The Wellesley Nautical School was a naval training school first located on the Tyne, and later removed to Blyth

History
The Wellesley Nautical School was founded in 1868 by a group of philanthropic businessmen on Tyneside under the leadership of James Hall, 'to provide shelter for Tyneside waifs and train young men for service in both Royal and Merchant Navies.' The first accommodation was on board a Bombay built 74-gun third rate ship of the line HMS Cornwall, which had been launched as HMS Wellesley in 1815. This ship was repossessed and replaced circa 1874 by the hulked third rate, HMS Boscawen, moored on the Tyne at North Shields and also renamed T.S. Wellesley. By the early 1900s Wellesley was accepting boys from London, Manchester and Liverpool as well as from Tyneside and Yorkshire.

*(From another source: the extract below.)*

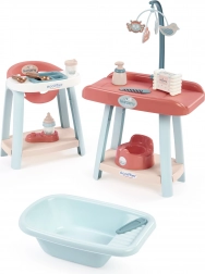 Das Set umfasst eine Wickelfläche mit Staufächern, eine kompakte, hellblaue Badewanne mit Töpfchen sowie einen stabilen Hochstuhl mit abnehmbarem Tablett zum Füttern. Dazu gehören auch Zubehörteile wie eine Flasche, Schüsseln und Besteck, ein Kamm und „Windeln“. Geeignet für Puppen mit einer Größe von etwa 32 cm.

A change occurred in 1914 when the training ship was destroyed by fire, although all boys were brought ashore safely to reside until 1918 in the Tynemouth Plaza, on a temporary basis. An appeal was launched and raised £22,000 which allowed the school to take over the World War One submarine base at Blyth where it has been based since - apart from a period from the Second World War when the school evacuated to Hamsterley Forest in County Durham.

Wellesley became an approved school in 1933, but continued to train boys (some of whom were still there as abandoned children or voluntarily) for sea-going trades in a variety of vessels sailing out of Blyth. In 1973, following substantial changes in the treatment of young boys incorporated in the Children and Young Persons Act 1969, Wellesley became part of The City of Sunderland's Council's Social Services Department and although the nautical element continued into the 1970s the last thirty years of its operation saw a distinct move away from sea-going training towards more general education and training as "Wellesley Community Home".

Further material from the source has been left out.